Additionally, an item such as King's Rock was not broken but caused certain mons such as Cloyster and Weavile to be unreasonably consistent alongside them being items solely designed to hax targets, which is why it was banned. This is another argument why given that Sleep moves and King's Rock weren't problematic on all Pokemon or even a large portion of OU-viable mons but were banned anyway Tera Blast is worth suspecting. Kyurem and Kingambit being able to deep six checks (Tera Fire, Electric, or Ground for Kyurem and Fairy and Flying for Kingambit) with Tera Blast is uncompetitive since the move lets them snipe anything the user wants to target at the cost of their Tera and dedicating a moveslot to Tera, which is often worth it to set up a sweep or easily break a crucial part of the opponent's core with it being often out of your opponent's hands given there are only so many Tera Types you can account on any given team, which increases the match-up fishiness of the tier and doesn't necessarily promote skill with the very wide breadth of threats and coverage to account for.
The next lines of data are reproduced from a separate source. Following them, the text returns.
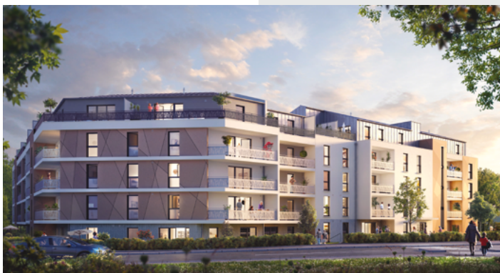
Grand Angle - Bruz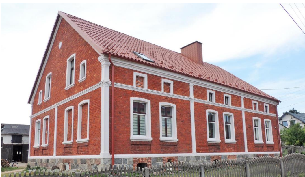
Fot. 24. Głowczewice 19. Dom z ok. 1900 r.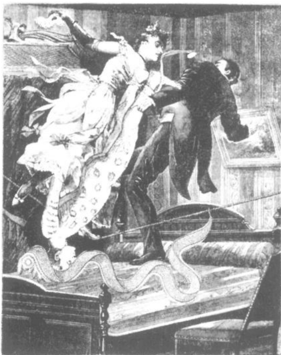
»Auf in die Finsternis, tanz mit mir den Hexentanz...«

Zentral ist in dem Märchen ein maßloser Anspruch auf Alles , auf gottähnliche ungeheuerliche Verwandlungsmöglichkeiten, der sich in ein Nichts (Einöde, Vertreibung aus dem Paradies) verkehren kann. Eine immense Neu-Gier, in der kindliche Allmacht sowie der Wunsch nach nicht versiegender Versorgung und wortlosem Verstehen (Symbiose) weiterlebt, sucht sich paradoxerweise einer Begrenzung zu widersetzen, indem aktivisch eine Beschränkung auf sich genommen wird. Man verstummt, engt seinen Bewegungs-Radius bis zu lebensbedrohlicher Zuspitzung (Vernichtung, Scheiterhaufen) ein, um nicht von der Illusion zu lassen, ein Himmelskind zu sein, und um zugleich der verspürten Forderung nach Mäßigung scheinbar Rechnung zu tragen. Auch wenn die Entfaltungsmöglichkeiten noch so verkürzt sind, den goldenen Finger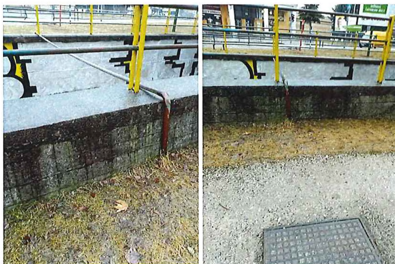
pri špeciálnej škole – náter ?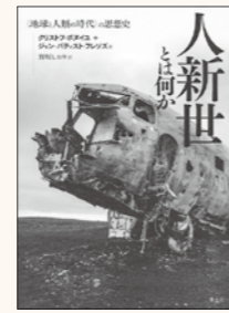
クリストフ・ボヌイユ + ジャン・パティスト・フレソズ / 著 野坂しおり / 訳 青土社 刊

46億年の歴史を持つ地球には多くの生命が誕生し、環境変化や大量絶滅を経ながらも発展してきました。しかし、人間による産業革命以降の変貌はますます激しく、この新たな時代を「人新世」と呼ぼうという考えが生まれました。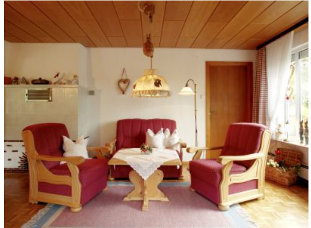
fünf Sterne Talblick einmalig Ausblick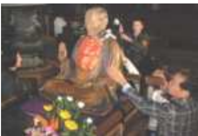
Tượng Hòa thượng Pindola của Chùa Zenkoji được nhìn thấy tại ngôi chùa này ở thành phố Nagano vào ngày 1-4-2009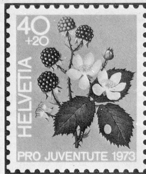
Brombeere Mûre sauvage Mora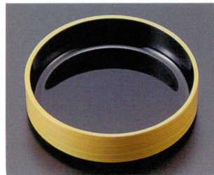
322-17 M 丸鉢 白木内黒 1-328-17 ¥1,000 (11.2φ×2.7) 梱200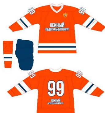
Сборная Южного ФО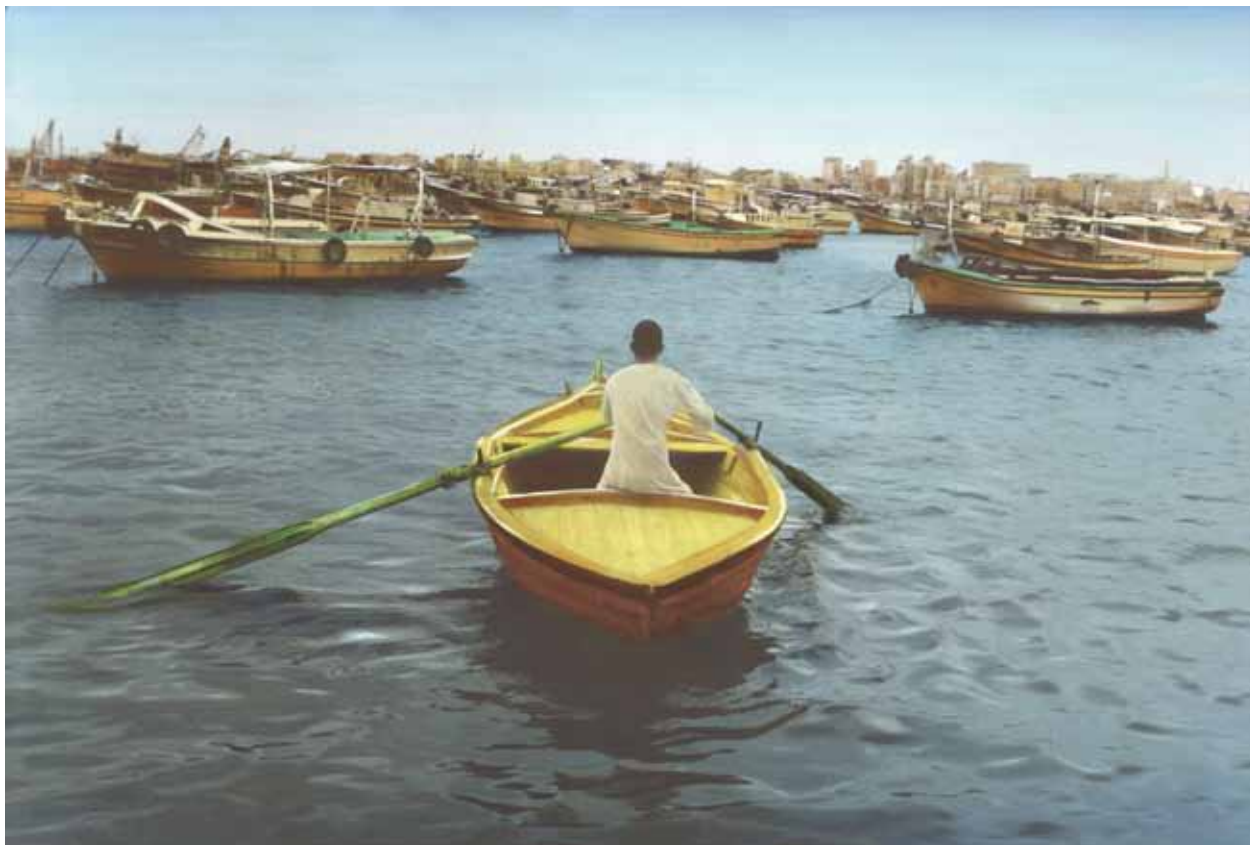
Say Goodbye, Self portrait , Alexandrie, 2009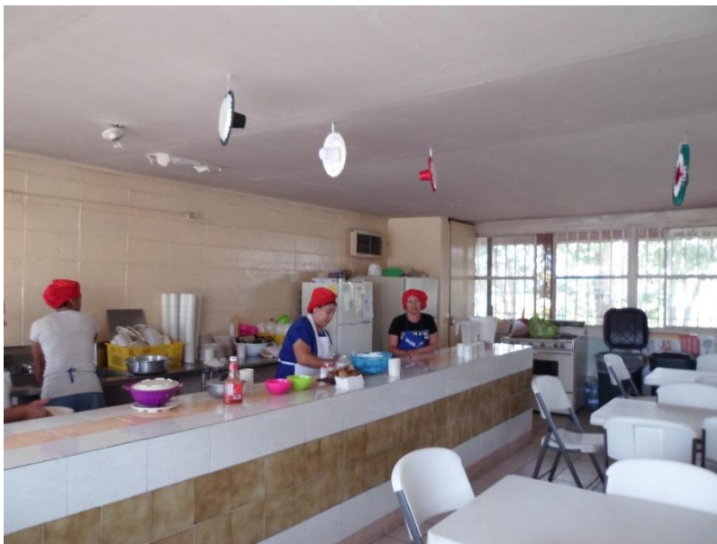
Foto No. 5 El comedor

planeación educativa, los materiales necesarios y un instrumento de evaluación de la intervención.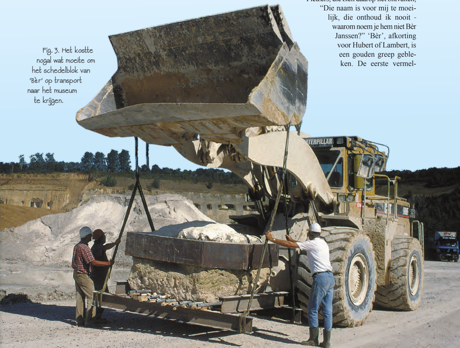
Fig. 3. Het kostte nogal wat moeite om het schedelblok van 'Bèr' op transport naar het museum te krijgen.

Pletzers, die zich daarop liet ontvallen, "Die naam is voor mij te moeilijk, die onthoud ik nooit - waarom noem je hem niet Bèr Janssen?" 'Bèr', afkorting voor Hubert of Lambert, is een gouden greep gebleken. De eerste vermel-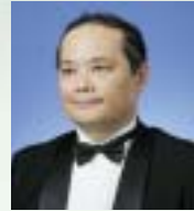
テノール 城間 正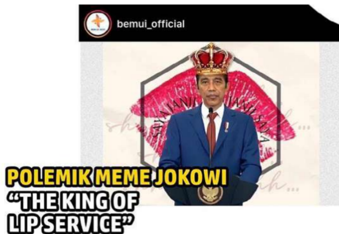
Gambar 1 Meme jokowi pada instagram bem Universitas Indonesia

Bukti nyata dari hal ini ialah seperti banyak beredarnya meme tentang presiden RI di internet. Meme sendiri merupakan sebuah gambar yang disertai dengan naras - narasi lucu, di mana hal ini dilakukan dengan berbagai macam motif seperti untuk ajang candaan, sarkasme atau pun digunakan sebagai alat penyampaian kritik terhadap pemerintah. Salah satu kasus yang terjadi ialah seperti sebuah kasus yang melibatkan universitas Indonesia di mana sebuah lembaga organisasi mahasiswa yang mencoba menyuarakan kritik mereka terhadap pemerintahan yang dituangkan melalui sebuah meme yang diunggah pada salah satu akun media sosial resmi sebuah lembaga organisasi yang dinilai sebagai tindakan yang melanggar kode etik.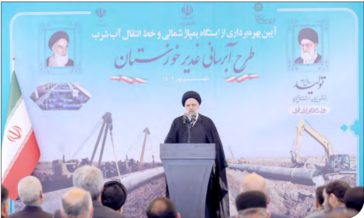
| ریاست جمهوری |

| سال شانزدهم | شماره پیاپی ۲۳۷۶ | شنبه ۱۲ شهریور ۱۴۰۱ |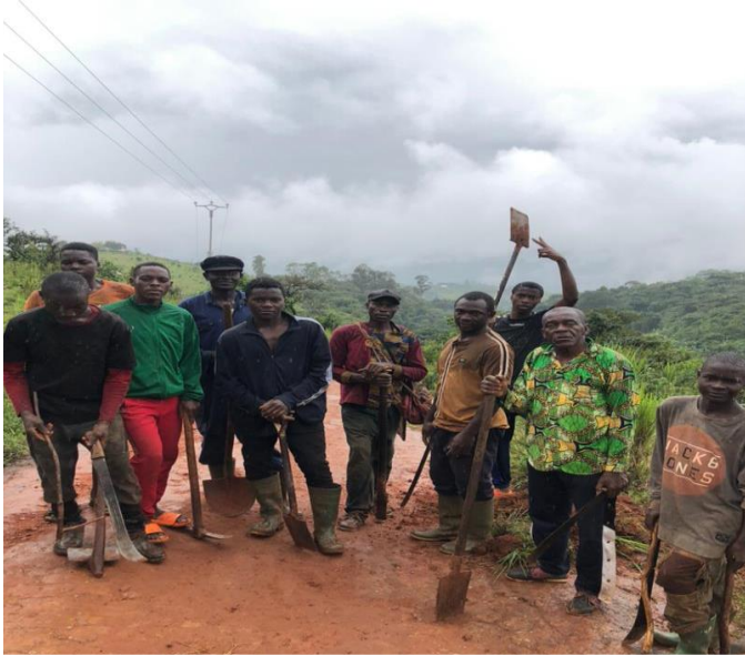
Réhabilitation de l'axe place de la jeunesse-tunnel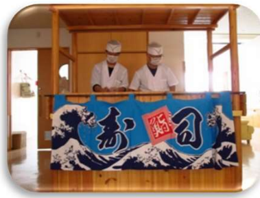
【屋台での寿司提供】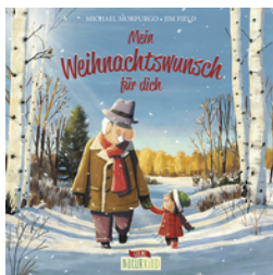
Mein Weihnachtswunsch für dich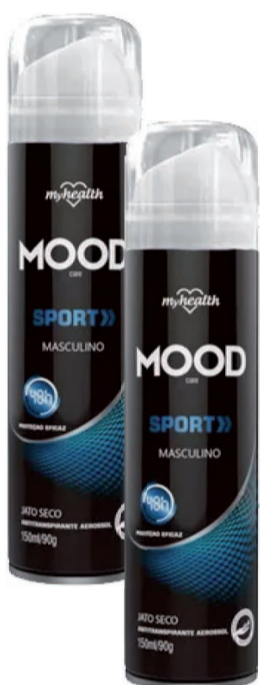
Desodorante Mood Care Aerosol 150ml (600 un.)

10,85 LEVE 2 ou mais UNIDADES PAGUE 9,85 CADA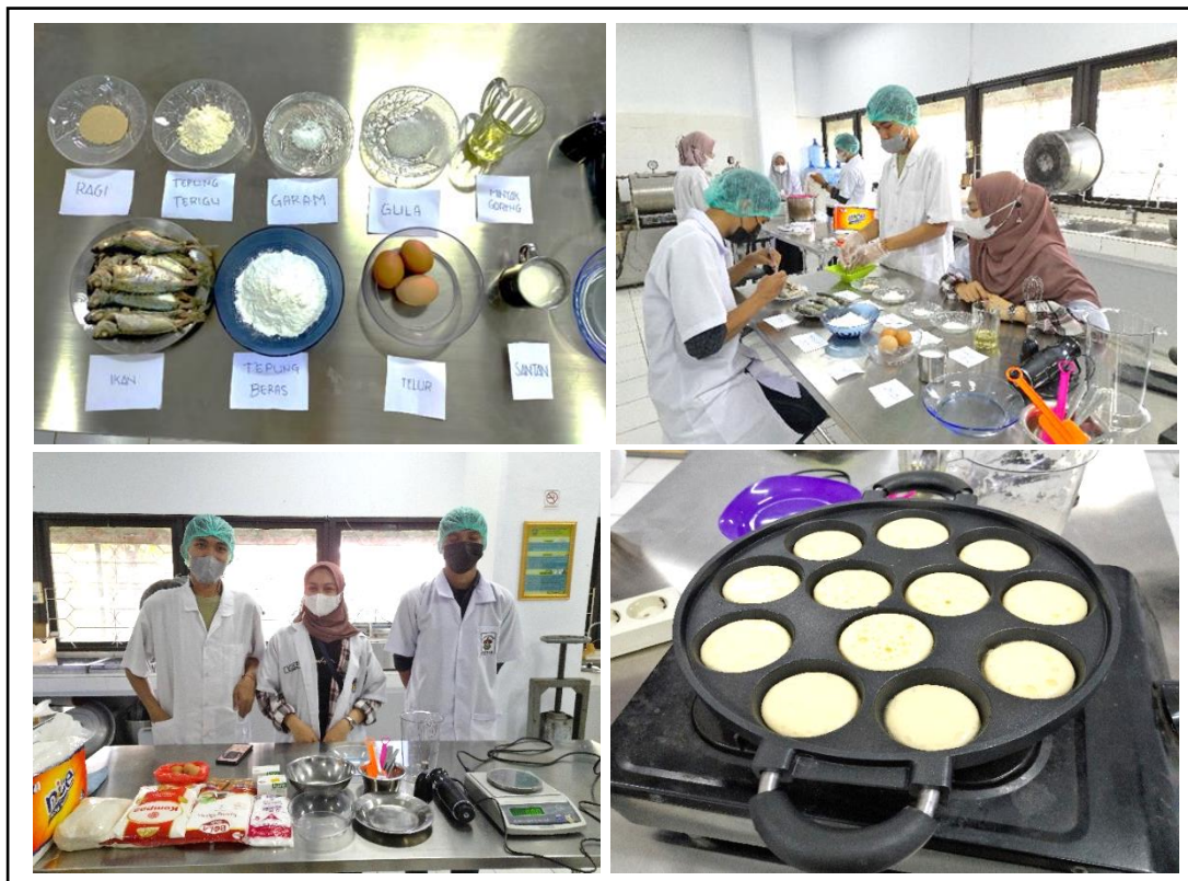
Gambar 2. Pembuatan Surabi Skala Laboratorium.

Having said that, a Tera Blast suspect can only happen if the requisite community support is there, and we're nowhere near that point right now with support for acting on Tera Blast decreasing over time. It's not that the OU Council is silencing the pro-Tera Blast suspect camp as some users suggest but that the support was never there to begin with with only a very loud minority of the playerbase calling for it. Survey scores for competitiveness still only being at a 7 shows that there's still work to do on SV OU, and with no single mon having the support for a suspect test, we should articulate a clear case on why a Tera Blast suspect is worth pursuing based on previous precedent although said precedents involved quickbans rather than suspect tests of more problematic elements.